Ma potremmo definire la distribuzione dei voti che verrebbe generata secondo questo principio davvero giusta? E cosa succederebbe se agli studenti venisse mostrata la vera distribuzione dei voti determinata dal loro impegno, dal rendimento, dalla fortuna e da una serie di altri fattori storicamente determinati? Sarebbe probabilmente molto complicato convincere gli studenti che hanno preso voti inferiori alla media ad accettare quei voti invece che una distribuzione che prevede un voto medio uguale per tutti.
Ma sarebbe giusto? Invece che focalizzarsi sulla distribuzione dei voti, come fa la teoria rawlsiana e ogni altra teoria “a stato finale” come le definisce Nozick, sarebbe più opportuno utilizzare il criterio storico per determinare il voto di ciascuno studente.
Cosa hai fatto? Quanto hai studiato? Quanto ti sei impegnato? Questi dovrebbero essere i criteri da utilizzare per valutare se una distribuzione dei voti è giusta oppure no. Questi criteri sono quelli che costituiscono il “titolo valido” che autorizza un individuo ad un certo “possesso”, ad un certo voto, in questo caso. Eppure, continua Nozick, “Se i principi storici del titolo valido sono fondamentali, allora la costruzione di Rawls, nel migliore dei casi, fornirà loro approssimazioni; produrrà il tipo errato di ragioni a loro sostegno e i risultati che ne seguono saranno talvolta in conflitto con i principi propriamente corretti. L’intera procedura di persone che scelgono principi nella posizione originaria di Rawls presuppone che nessuna concezione di giustizia storica centrata sul titolo valido sia corretta”. Dal contrattualismo rawlsiano, in altri termini, non ci si può aspettare l’accordo su principi di giustizia storica capaci di considerare la ricchezza e i beni, nella loro reale forma di entità prodotte, possedute e scambiate da e tra persone reali.
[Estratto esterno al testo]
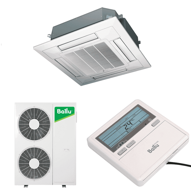 Кассетные кондиционеры Ballu – полупромышленные сплит-системы, рассчитанные на помещения большой площади (торговые центры, складские комплексы, промышленные предприятия). Они отличаются высокой мощностью, универсальностью крепления и установки, долговечны в использовании. Системы серии BLC_C соответствуют высокому классу энергоэффективности А (ГОСТ Р 55012-2012, EN 14511).
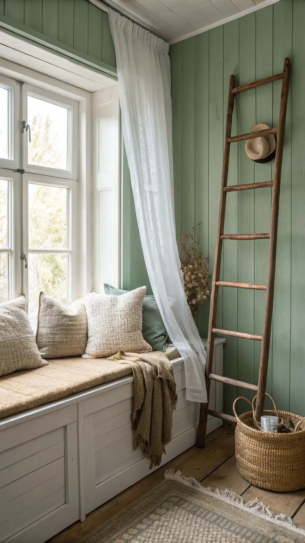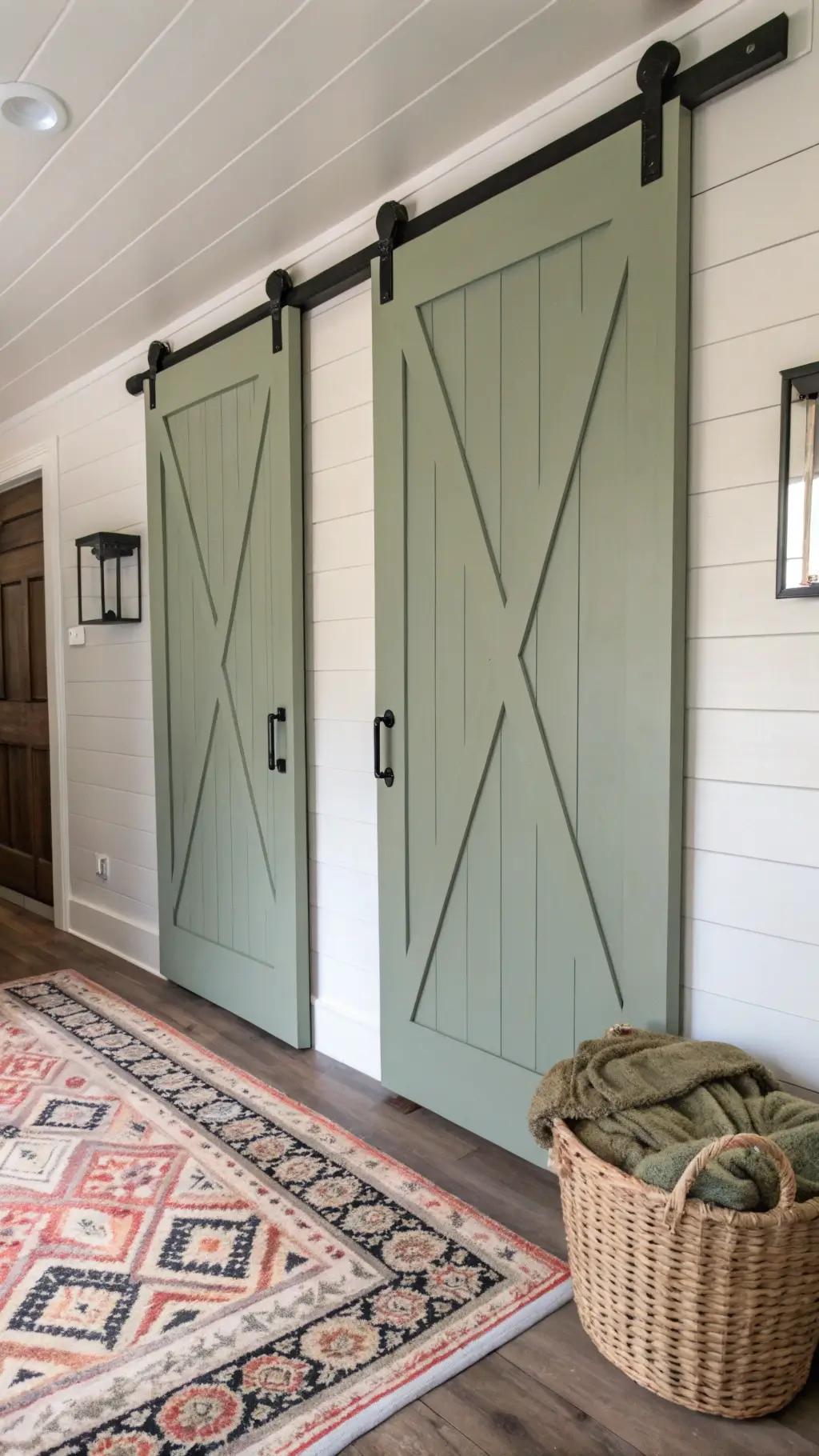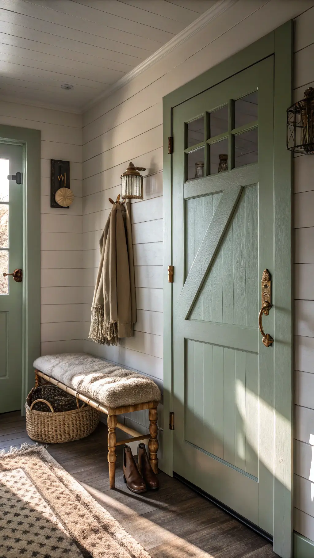 - The Hero Wall: Sage green paint or shiplap that screams “I’ve got my life together”
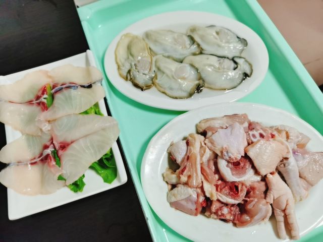 《晓世界》之国内环游篇📍广东 这家店距离住的酒店步行一公里,出发的时候在线排了号,前面有八桌,本以为等走到就差不多了,结果到了以后才进了三桌,虽然是周六,但已经晚上八点啦,最后一共排了一个小时才吃上,出来十点了还有人在排队,生意是真好,门口不停的在开蚝。 【环境】跟我预想中不太一样哈哈,老居民楼底商,上下两层,一共可能就十几桌,怪不得排队进展比较慢。设施真的很老旧了,店里也有点热,讲究就餐环境的恐怕接受不了哈。 【服务】服务倒是很热情周到,耐心介绍吃法,估计看我们是游客怕不太会吃,虽然客人很多,还时不时的进来看看火候好提醒我们。店里还有颜色相近的一猫一狗,一直在门口懒洋洋的,可可爱爱。 【口味】真心不错,也算没辜负排队和忍耐环境了哈。而且价格很实惠哦。 锅底选了|清甜无花果汤底^,毕竟椰子的以前吃椰子鸡尝试过了,无花果做火锅底倒是真第一次见。还是没有让人失望的,确实有一种清甜的味道,而且无花果居然最后煮熟了也挺好吃的。而且一份锅底才15块钱,真的很实惠。 鸡肉有两种,店家说|清远鸡^比较嫩滑,|果园鸡^比较Q弹。如果人多的话,就可以各点一份尝试一下啦,我们只有两个人,权衡了一下还是选了清远鸡。吃下来感觉果然选对了,这个鸡肉真的是非常非常嫩啊!而且油脂比较少,一般我吃鸡的时候不吃鸡皮的,但是这个鸡皮的感觉没有什么鸡油,薄薄一层,吃下去还是比较清爽的。 至于招牌的|现开横琴生蚝^肯定是每桌必点了,但是这个口味因人而异吧,先生觉得非常好吃,可以一口气吃半打,但是我就吃了一个,觉得还是有一点点腥味,需要粘重料才能够盖住。不过生蚝本身确实够肥厚,一口咬下去还是很有满足感的。 |东升脆肉皖鱼片^网上推荐的人也挺多的,但是我觉得这个菜有点失望,这种鱼经常出现土腥味,我们这次吃的也不例外。 至于其他的常规火锅涮料,因为我们晚餐前已经吃了太多其他东西,就没有点,个人感觉还是把有限的胃部空间留给最特色的食物吧。店里大部分的食材都可以点半份,这个真的非常友好,也可以减少浪费。
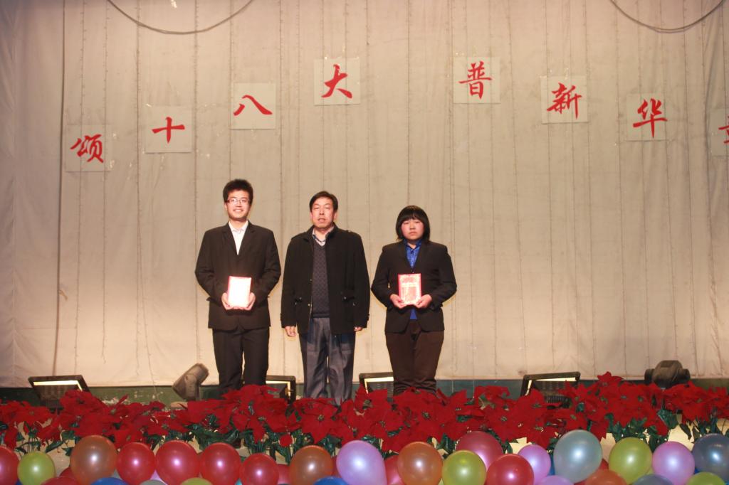 寇伟强的《绽放十八大后的中国》,李云菲的《秋思十八大,争做好青年》,孙笑飞的《追忆光辉历程,奉献无悔青春》,他们对过去与现在做了比较,体现了在中国共产党领导下经济发展的飞快发展,表现了中国坚持走中国特色社会主义道路是正确的选择,号召广大青年学生坚持中国共产党的领导,心中装着党,时刻以党员的标准来要求自己,为了祖国的繁荣昌盛做出自己应有的贡献。他们获得了本次比赛的二等奖。

La critica di Nozick a Rawls
“Il principio di differenza di Rawls – come scrive John Meadowcroft - potrebbe benissimo essere un criterio appropriato per distribuire la manna dal cielo (se la distribuzione di quella manna in qualche modo influenzasse la quantità di manna prodotta in modo tale da dover tenere conto degli incentivi), ma Nozick dimostra chiaramente che se considerassimo la creazione di reddito e ricchezza così come avviene nel mondo reale le cose si complicherebbero considerevolmente e quasi certamente emergerebbero dei diritti che non dovrebbero essere ignorati da nessuno veramente interessato alla ricerca della giustizia” (“Nozick’s critique of Rawls: distribution, entitlement, and the assumptive world of A Theory of Justice” in The Cambridge Companion to Nozick’s Anarchy, State, and Utopia, Eds. R. M. Bader and J. Meadowcroft, Cambridge University Press, 2011).
La critica di Nozick a Rawls prosegue articolandosi intorno ad altri elementi importanti della teoria come quello delle doti naturali, del merito e dell’arbitrarietà di certe distribuzioni. Tutti aspetti sui quali ci soffermeremo più a lungo nel prossimo Mind the Economy.